◆ **Recorded data**:
╭──

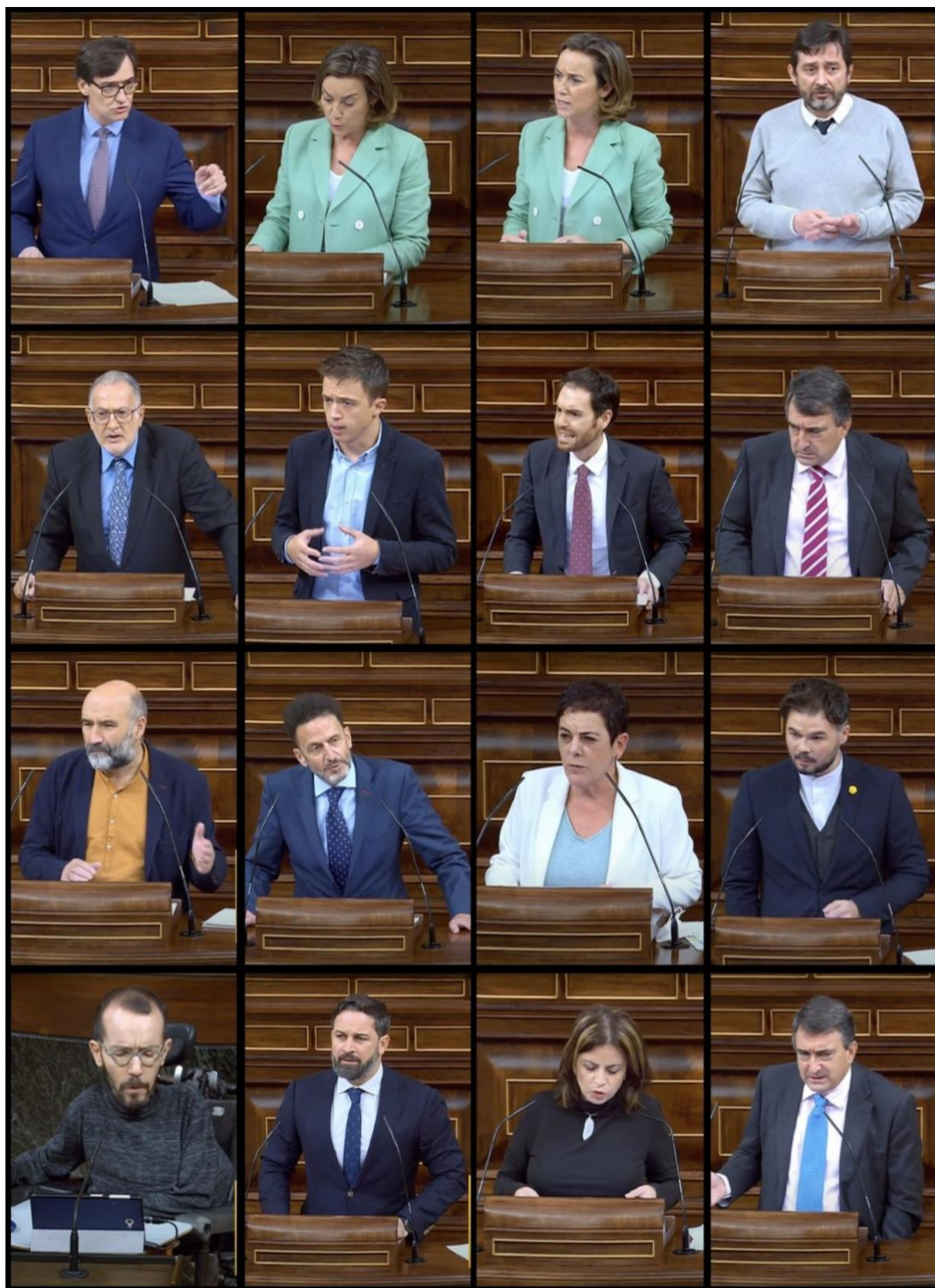
Il·lustració 12 Diputats arrufant les cel·les durant els debats de l'estat d'alarma de la segona onada a l'hemicicle del Congrés de Diputats.
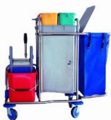
MOD. 560 AR

MEDIDA ABIERTO: L95 x An53 x Al 106 MEDIDA CERRADO: L78 x An53 x Al 106

╰──

◆ **What the task requires**:
Transcribe the whole listing exactly but exclude images.

◆ **Solution for this task**:
Il·lustració 12 Diputats arrufant les cel·les durant els debats de l'estat d'alarma de la segona onada a l'hemicicle del Congrés de Diputats.
MOD. 560 AR

MEDIDA ABIERTO: L95 x An53 x Al 106 MEDIDA CERRADO: L78 x An53 x Al 106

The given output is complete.